START INFORMATION SUPPLIED

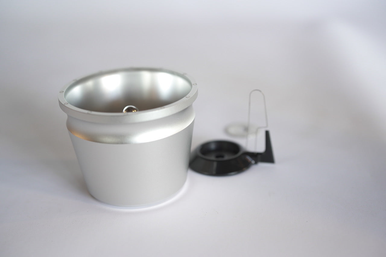 Constructed from anodized aluminum, all interior surfaces are extremely low-energy and repel coffee grounds better than any other materials we tested, all without using chemical or teflon coatings.
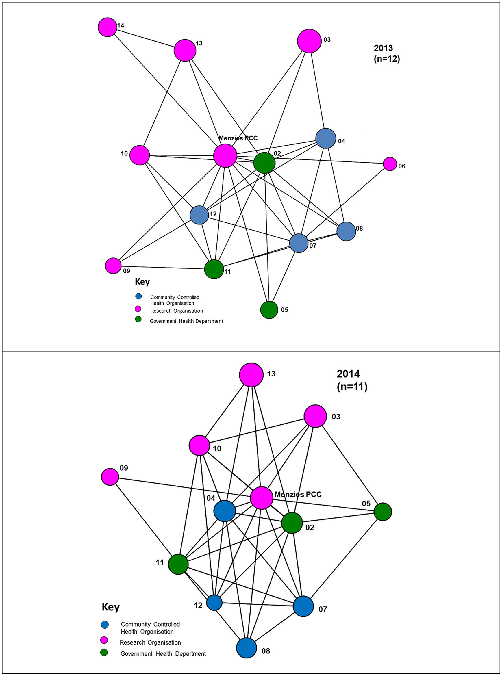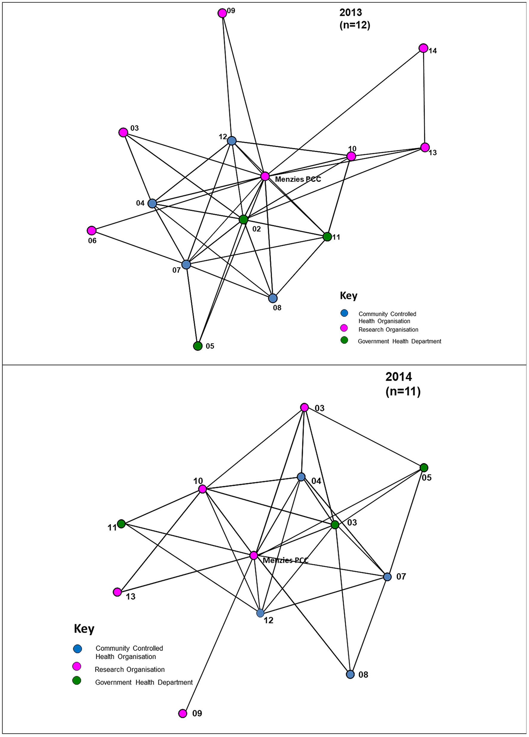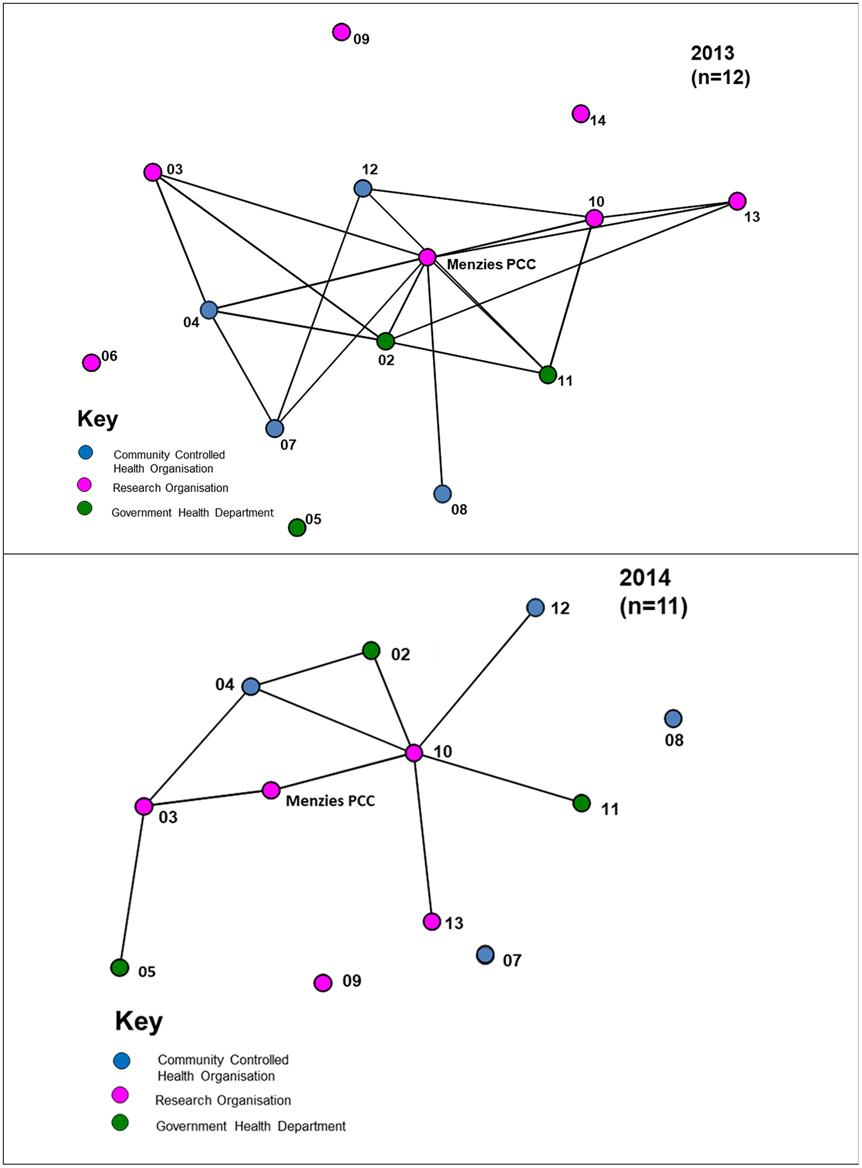 For the 2013 survey, 11 out of 14 Partnership organisations responded, including four ACCHOs, three state/territory government health departments and four research organisations. Two research organisations did not participate in the survey and another did not fully complete the survey. Therefore, figure descriptors provide the respondent numbers for the specific survey items. Non-respondents' linkage nodes are derived from responses of other respondents and are included in the figures to reflect the partner network. At the time of the 2014 survey, two partners were no longer active participants in the Partnership and 11 out of the 12 active Partnership organisations responded to the survey. This included four ACCHOs, three state/territory government health departments and four research organisations.
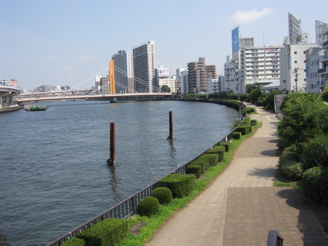 梅雨の晴れ間で蒸し暑い日だったので日陰が少ない隅田川テラスは日中の散策には不向きな感じでした。やはり気候の良いときに散策する方が気持ちが良いと感じました。
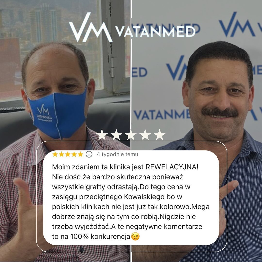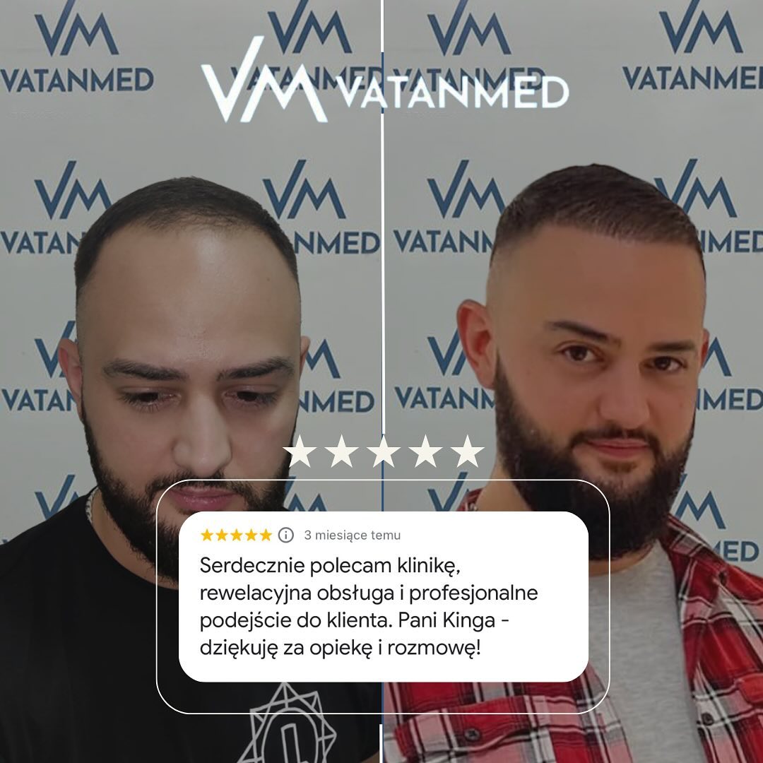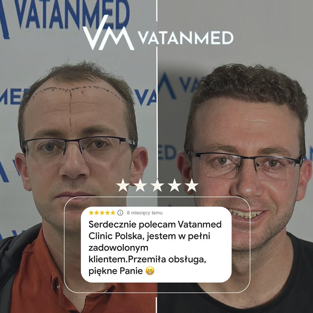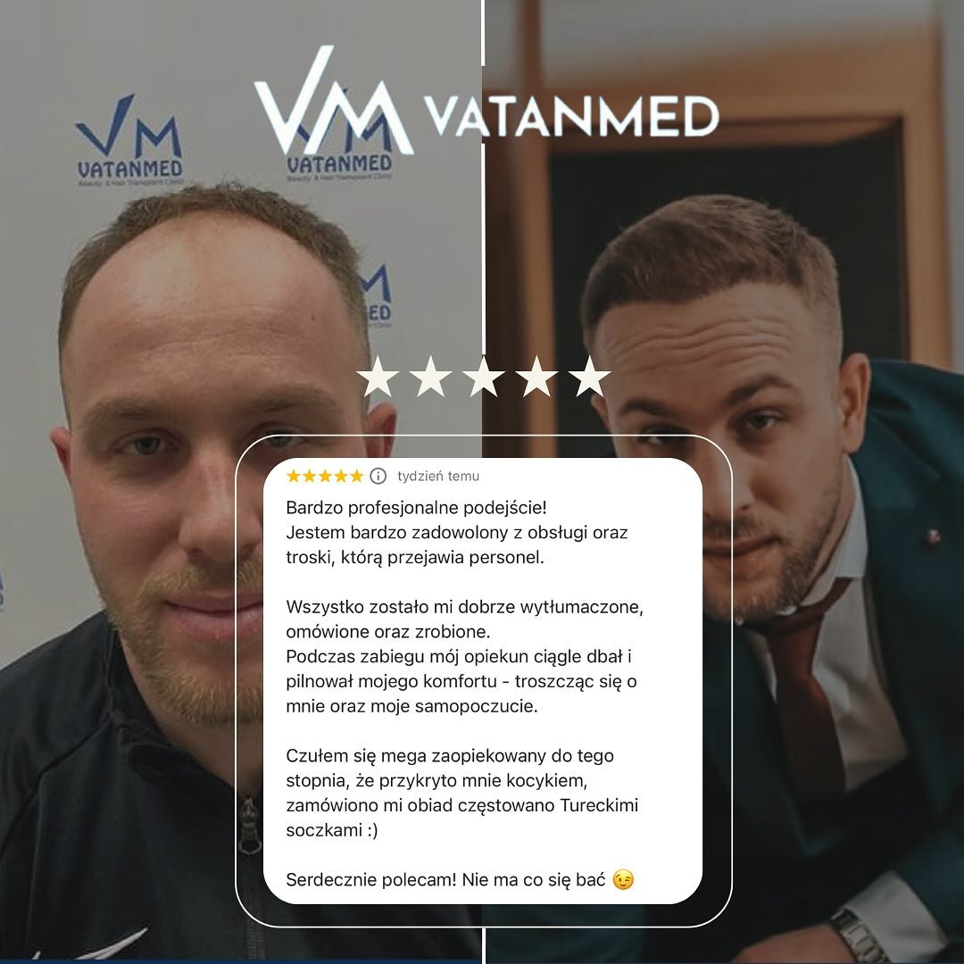 Miałem PRZYJEMNOŚĆ wykonać przeszczep włosów w klinice Vatanmed Warszawa, z czystym sumieniem mogę powiedzieć, że tak dobrej obsługi jeszcze nie doświadczyłem. Od samego początku przechodząc przez proces konsultacji, zabieg oraz opiekę w czasie rekonwalescencji wszystko na najwyższym poziomie. Konsultacja bardzo fachowa, lekarze bardzo kompetentni i z największą starannością wykonali zabieg a do tego są bardzo życzliwi i empatyczni ;) Cały zespół bardzo entuzjastycznie nastawiony, poprostu można poczuć rodzinną atmosferę. Jestem BARDZO zadowolony i napewno będę polecał każdemu kto szuka kliniki która wykona przeczep na najwyższym poziomie, jeszcze raz dziękuję!!

END INFORMATION SUPPLIED

What you give back should be the full material above, retyped exactly, with every image removed.

 Constructed from anodized aluminum, all interior surfaces are extremely low-energy and repel coffee grounds better than any other materials we tested, all without using chemical or teflon coatings.
 For the 2013 survey, 11 out of 14 Partnership organisations responded, including four ACCHOs, three state/territory government health departments and four research organisations. Two research organisations did not participate in the survey and another did not fully complete the survey. Therefore, figure descriptors provide the respondent numbers for the specific survey items. Non-respondents' linkage nodes are derived from responses of other respondents and are included in the figures to reflect the partner network. At the time of the 2014 survey, two partners were no longer active participants in the Partnership and 11 out of the 12 active Partnership organisations responded to the survey. This included four ACCHOs, three state/territory government health departments and four research organisations.
 梅雨の晴れ間で蒸し暑い日だったので日陰が少ない隅田川テラスは日中の散策には不向きな感じでした。やはり気候の良いときに散策する方が気持ちが良いと感じました。
 Miałem PRZYJEMNOŚĆ wykonać przeszczep włosów w klinice Vatanmed Warszawa, z czystym sumieniem mogę powiedzieć, że tak dobrej obsługi jeszcze nie doświadczyłem. Od samego początku przechodząc przez proces konsultacji, zabieg oraz opiekę w czasie rekonwalescencji wszystko na najwyższym poziomie. Konsultacja bardzo fachowa, lekarze bardzo kompetentni i z największą starannością wykonali zabieg a do tego są bardzo życzliwi i empatyczni ;) Cały zespół bardzo entuzjastycznie nastawiony, poprostu można poczuć rodzinną atmosferę. Jestem BARDZO zadowolony i napewno będę polecał każdemu kto szuka kliniki która wykona przeczep na najwyższym poziomie, jeszcze raz dziękuję!!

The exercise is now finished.